Cast & Credits: Benicio Del Toro (Lawrence Talbot), Anthony Hopkins (Sir John Talbot), Emily Blunt (Gwen Conliffe), Hugo Weaving (Abberline), Art Malik (Singh), Geraldine Chaplin (Maleva). Screenplay by Andrew Kevin Walker and David Self based on the 1941 motion picture screenplay by Curt Siodmak. Directed by Joe Johnston.



There is a lot to like about director Joe Johnston’s The Wolfman, his faithful remake of the 1941 horror classic, which starred Lon Chaney, Jr. Like the original, the new version takes place in Great Britain in the late 1800s. The forests still look ominous at night and when there is daylight, you never see the sun.

The casting is perfect with Anthony Hopkins as eccentric millionaire father, Sir John Talbot. Talbot’s faithful servant, Singh (Art Malik), is the only other person besides his master who resides in the candle lit, multiple roomed estate, who may be hiding a dark secret about some monster who’s been slaughtering people in the dead of night throughout the countryside. Some of the townspeople think it’s a madman. Others say it’s a wild bear.

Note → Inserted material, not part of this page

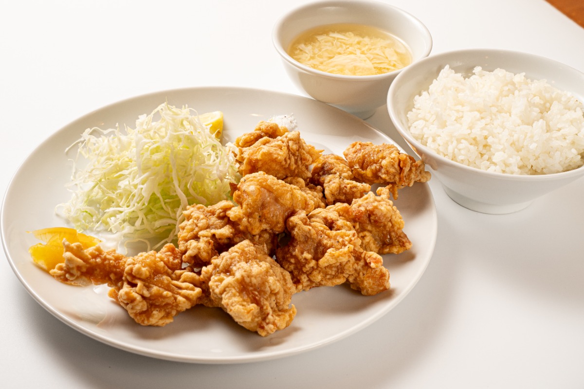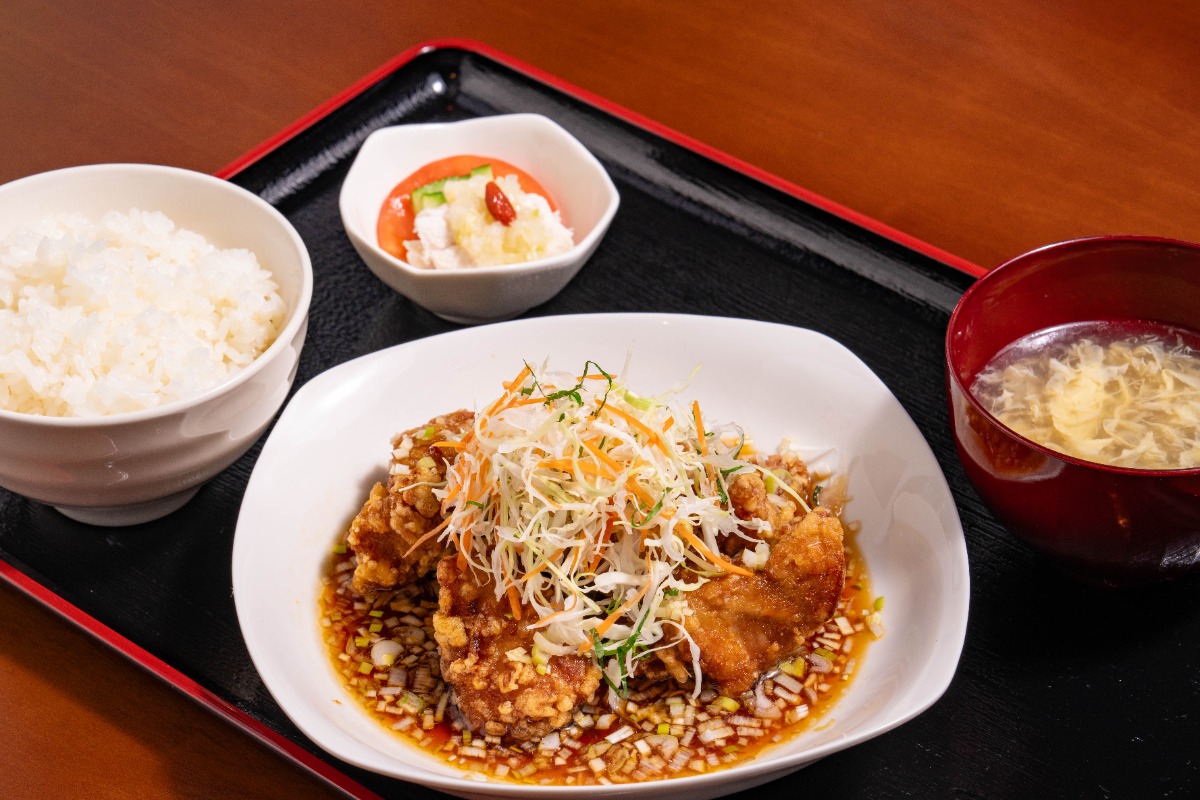 セット内容:油淋鶏、小鉢、スープ、ご飯

Benicio Del Toro, with his tall menacing frame and wielding a wooden cane, looks every bit out of place as Hopkins’ son and Shakespearean actor Lawrence Talbot. When we first see him, he is on stage enacting a scene from Hamlet. I have to wonder if the character’s name and occupation was a nod to Lawrence Olivier who throughout his acting career did many Shakespearean film adaptations that included Hamlet.

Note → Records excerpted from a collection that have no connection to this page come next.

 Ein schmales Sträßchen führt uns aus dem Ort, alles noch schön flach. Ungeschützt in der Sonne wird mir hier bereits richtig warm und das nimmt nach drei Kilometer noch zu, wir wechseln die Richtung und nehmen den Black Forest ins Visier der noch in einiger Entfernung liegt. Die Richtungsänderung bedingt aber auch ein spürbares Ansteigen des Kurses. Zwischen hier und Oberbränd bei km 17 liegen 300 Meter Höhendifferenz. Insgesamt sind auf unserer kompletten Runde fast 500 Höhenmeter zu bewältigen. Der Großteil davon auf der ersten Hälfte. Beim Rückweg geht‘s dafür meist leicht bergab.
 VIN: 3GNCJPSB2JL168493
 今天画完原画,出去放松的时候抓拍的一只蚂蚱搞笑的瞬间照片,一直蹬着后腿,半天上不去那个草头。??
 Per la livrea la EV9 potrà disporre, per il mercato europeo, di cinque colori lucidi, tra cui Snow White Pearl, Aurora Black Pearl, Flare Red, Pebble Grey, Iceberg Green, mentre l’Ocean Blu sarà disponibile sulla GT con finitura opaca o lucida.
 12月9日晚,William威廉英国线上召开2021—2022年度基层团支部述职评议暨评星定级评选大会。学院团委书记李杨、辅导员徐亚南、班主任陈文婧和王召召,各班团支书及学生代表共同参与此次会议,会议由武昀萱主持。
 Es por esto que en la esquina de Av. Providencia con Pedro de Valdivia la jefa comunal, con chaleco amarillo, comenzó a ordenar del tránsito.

When Lawrence returns to his native homeland to help bury and investigate the grisly death of his brother, he meets his kin’s fiancée, Gwen Conliffe (Emily Blunt). She is the mourning damsel in distress who thinks she can tame whatever is out there in a tragic story that bears similarities to Beauty and the Beast. Lastly, there is Hugo Weaving’s Inspector Aberline on the hunt with silver bullets in hand.
There is no doubt the one reason The Wolfman was remade was to improve upon the visual effects from over sixty years ago. Thankfully, in a time where filmmakers put a major emphasis on the million-dollar computer generated effects like Avatar (2009), The Wolfman’s CGI images don’t steal the show. Unlike, John Landis’ An American Werewolf In London (1981) where the lead character graphically resembled a four legged creature the moment the full moon came out, when Del Toro turns into the wolfman, he is exactly just that; half man – half wolf. Nor does Lawrence feel compelled to strip off all his clothes prior to going on his rampages. Whenever he returns to human form, Lawrence is always seen with remnants of his original clothing.
If I have any real complaint with the film, which is also its greatest weakness, it is that for a horror movie that’s meant to scare audiences, there is very little suspense. Watching hunters and other citizens becoming the hunted as they try to escape the wolfman, I just knew it would be a matter of time before the creature caught up to them. There is nothing shocking watching such scenes where one moment, the prey is standing around with a gun and the moment the intended victim makes one step, he is attacked out of nowhere.

The other weakness is for a horror movie meant to play along the lines of a tragedy, The Wolfman suffers from the same ailment other adaptations of the classic horror novels Bram Stoker’s Dracula and Mary Shelley’s Frankenstein have undergone. We don’t get any feeling for the tragic characters. In all three stories of Dracula, Frankenstein, and the Wolfman, there have always been a damsel in distress involved and all three lead characters went through some life altering event that caused them go to off the deep end.

Dracula lost his fiancée upon returning from battle and chose immortality. Frankenstein tried to be human and realized he was a monster. Not even his creator could make him happy giving him a bride. In The Wolfman, Lawrence’s life is plagued by tragedy since childhood, beginning with the mysterious death of his mother by something out there. I will find it to be a successful feat if any filmmaker can turn one of these classics into a suspenseful, emotional roller coaster ride one day.

Still, I cannot help but admire the overall foreboding look of The Wolfman in terms of visuals and the perfect casting. Call it the film’s howl. This is a real close call but I am recommending The Wolfman more so for its “howl” than its lack of bite when it comes the film’s inability to leave me on the edge of my seat.